Discovery could affect all marine life in the Arctic
Stanford scientists aboard an icebreaker in the Arctic’s remote Chukchi Sea have discovered a massive bloom of the microscopic marine plants called phytoplankton beneath the sea ice — a discovery that could affect the life of every seagoing creature in the Arctic, they reported Thursday.
The abundant plankton, they say, will force scientists to rethink long-held assumptions about the Arctic’s ecology, and could open up a major new food source for humans.
Kevin Arrigo, a biologist and oceanographer at Stanford’s School of Earth Sciences, together with Donald K. Perovich of Dartmouth University and a large team of colleagues, reported their discovery in the online journal Science Express.
Arrigo was leading a research cruise aboard a Coast Guard icebreaker two summers ago, intending to study phytoplankton in the open ocean, about 200 miles west of the Alaskan coast.
At the edge of the sea ice, the scientists aboard saw a massive bloom of plankton where they never had before. The bloom continued for at least 60 miles underneath the ice.
Instruments showed the tiny plants doubled in number every day, turning the otherwise clear water “a thick, pea soup green,” Arrigo said.
The plants are thriving in part because the Arctic sea ice has been thinning for years, a result of global climate change, Arrigo said. Melted ice water that pools atop the thin ice sheet makes it easier for sunlight to penetrate into the water, stimulating the growth of the phytoplankton.
In the Chukchi Sea, essential nutrients like nitrogen, phosphates and trace elements are abundant for the rapidly multiplying plants, Arrigo said.
Various species of phytoplankton form the crucial diet for many marine organisms and some whales.

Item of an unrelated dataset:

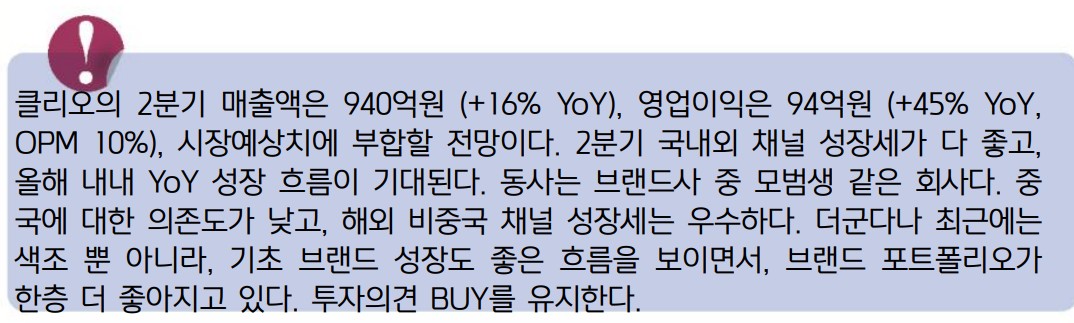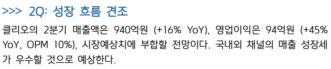 클리오는 2024년 2분기 매출액이 940억원으로 전년 동기 대비 16% 증가할 전망. 영업이익은 94억원으로 45% 증가 예상. 이는 국내외 채널 성장세와 전반적인 브랜드 포트폴리오의 강화 덕분. 클리오는 중국 의존도가 낮고, 미국, 일본, 동남아 등 비중국 채널의 성장세가 돋보임. 특히, 색조뿐 아니라 기초 브랜드의 성장도 우수함.

They make up the base of the entire Arctic food chain, supporting fish, walrus, seabirds and more.
The thriving plankton bloom could eventually give rise to a vibrant fishery, providing a new food resource for humans, the scientists believe.
The ice itself was between 2½ and 4 feet thick where the phytoplankton cells were growing, Arrigo said — and to their astonishment they found the plankton bloom was at least four times greater than in the open water.
“The mass of phytoplankton we found was truly astounding,” Arrigo said. “It was the most intense I’ve ever seen in my 25 years of research in the Arctic. It was a complete surprise.”
“It’s a pure discovery,” Perovich added, “and now we have an entirely new ocean.”